The CDC on Monday issued a Health Alert Network Health Update on the potential risk for new mpox cases.

Since the peak of about 460 cases per day in August 2022, new cases have steadily declined, but following the cluster recently reported in the Chicago area, the update warns, “spring and summer season in 2023 could lead to a resurgence of mpox as people gather for festivals and other events.”

“We have the vaccine, and we have organizations that are willing to do it,” Daskalakis said during Thursday’s call, adding that resources are available and can be deployed flexibly because they are built into existing “HIV and STI funding to allow for this work.”

And the Mpox Crisis Response Cooperative Agreement, Daskalakis said, “provides even more resources locally for such efforts.”

Daskalakis and CDC Mpox Response Incident Manager Dr.
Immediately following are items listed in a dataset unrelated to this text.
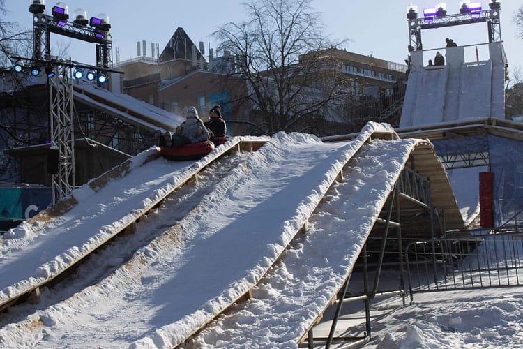 If you’re already from a cold-climate city, you can miss the slide. Montreal’s sledding tracks are much longer and don’t cost anything to use. If you’ve grown up playing hockey, you can also skip the precision hockey game. But one thing you absolutely cannot miss is the ice palace.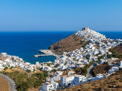 Αυτό που σου μένει από τη γραφική Αστυπάλαια είναι η αντίθεση μεταξύ του μουντού καφέ του τοπίου, και του αναζωογονητικού λευκού της χώρας. Οι σειρές από ροζ ανεμόμυλους που στέκουν σαν αρχαίοι φύλακες, και το επιβλητικό, και εξαιρετικά διατηρημένο Ενετικό κάστρο της ακρόπολής της.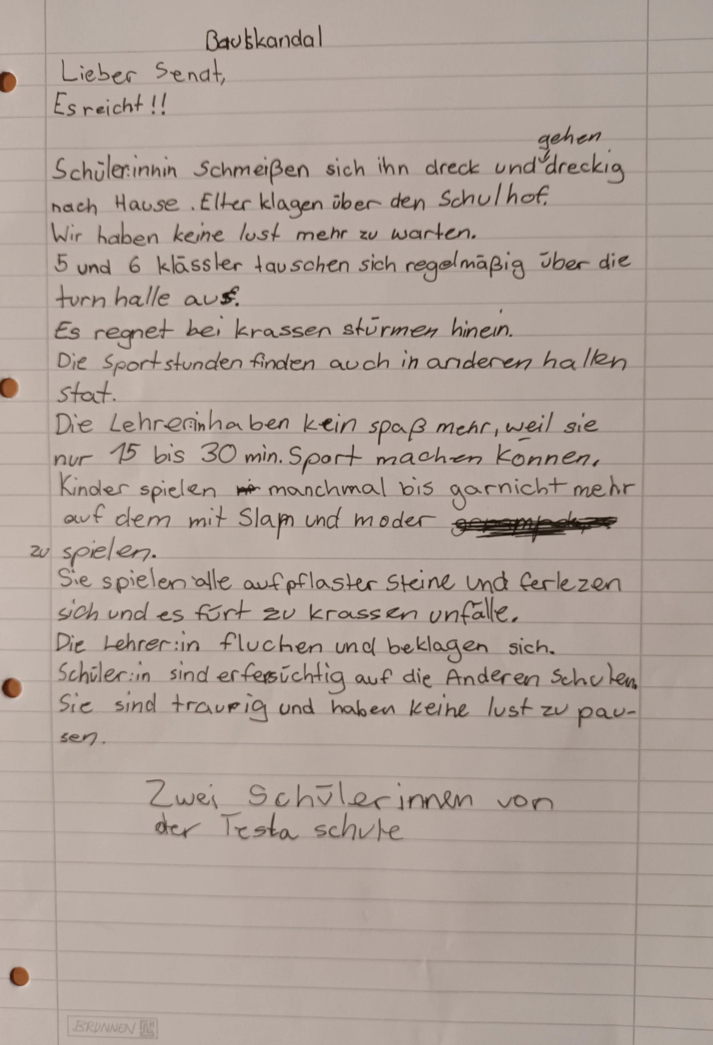 Unsere fünften und sechsten Klassen haben im Rahmen des Wahlpfichtkurses "Medienclub" eigene Protestbriefe an die politischen Verantwortlichen geschrieben. Zwei Briefe als Beispiele finden Sie hier - weitere Aktionen unserer Schülerschaft gegen den Bauskandal auf unserem Campus werden folgen!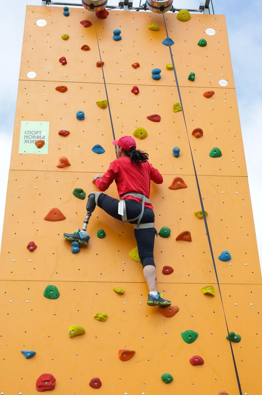 Здесь спортсменов радушно встречал заместитель главного судьи Юрий Борисов. Трасса не считается сложной, класс I, длина 57 метров, суммарный перепад высот 40 метров, крутизна около 70 градусов. На трассе четыре этапа: подъем в два этапа, траверс и спуск. Несмотря на то, что соревнования на скорость, спешить здесь все же не стоит. То ли дело слышны крики: "Камни!". «Ни за что! – сверкает улыбкой волонтер Джоман, двухметровый чернокожий парень из Кот-д’Ивуара, студент БашГу – ни за что и никогда я бы не залез на эту гору! – и тут же посерьезнев говорит, - я считаю, что все эти люди, они все герои!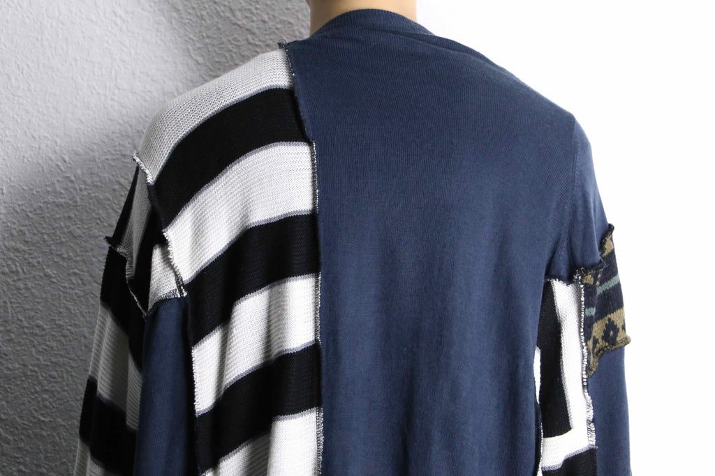 遊び心たっぷりのスノーマン柄ニットと、片側ストライプを大胆に組み合わせたこの時期にピッタリのリメイクニットカーディガンがオンラインに入荷。
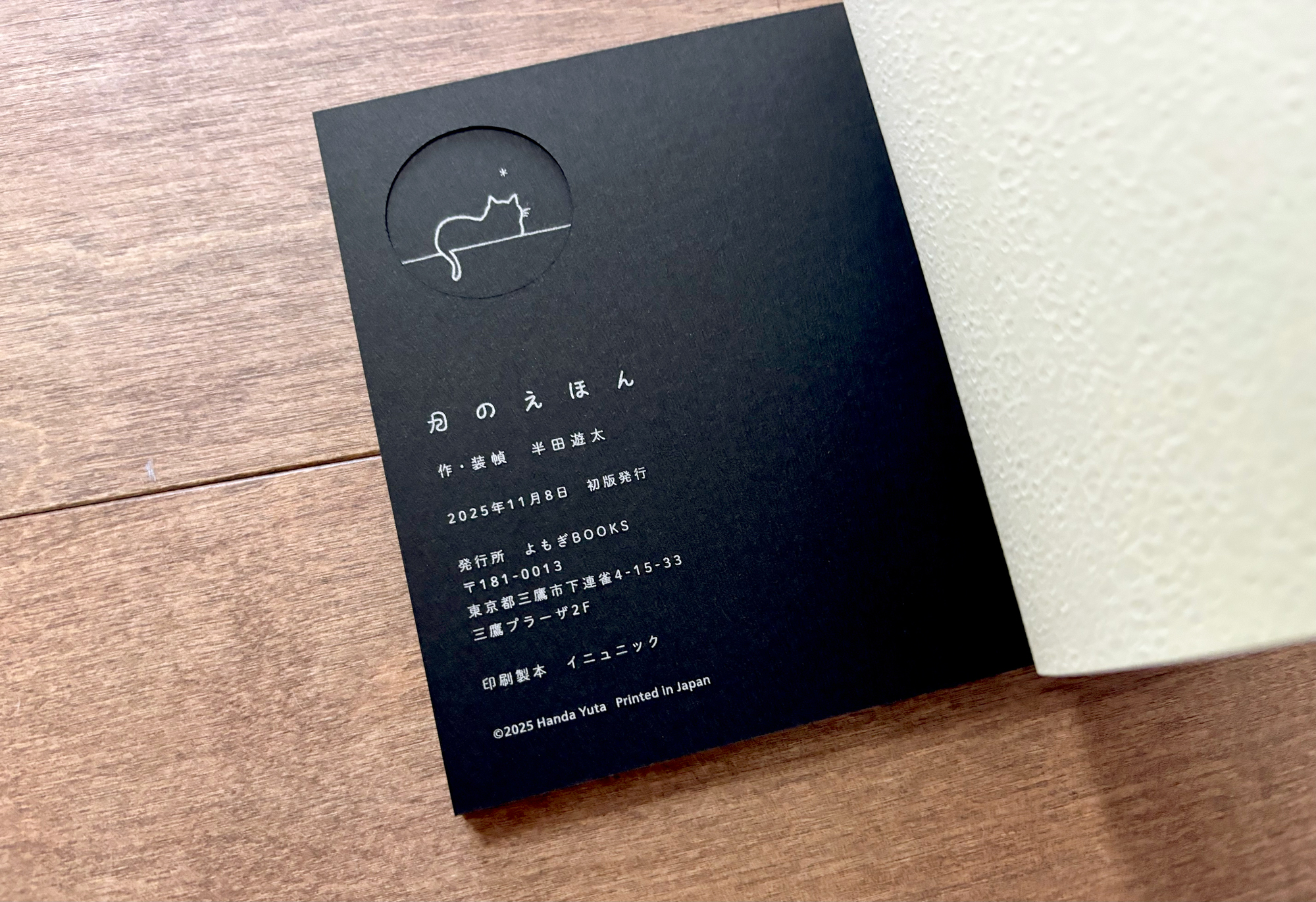 リソグラフ印刷でこれまで私家版絵本(「ねことだれかのゆめ」「こねこときのこ」)を2冊出してきた半田遊太さん。3作目となる今回はよもぎBOOKSが発行元となり、今までとはまた違ったテーマや画材、印刷・製本の形になりました。

Christopher R. Braden also briefed reporters on findings from new studies on the efficacy of the JYNNEOS vaccine for the prevention of mpox.

That data, per the CDC’s Morbidity and Mortality Weekly Report, reveals that “Among gay, bisexual, and other MSM and transgender adults aged 18-49 years, two doses of the JYNNEOS vaccine were 86 percent effective against mpox, indicating substantial protection against mpox.”

Additionally, “All routes of vaccine administration provided similar protection.”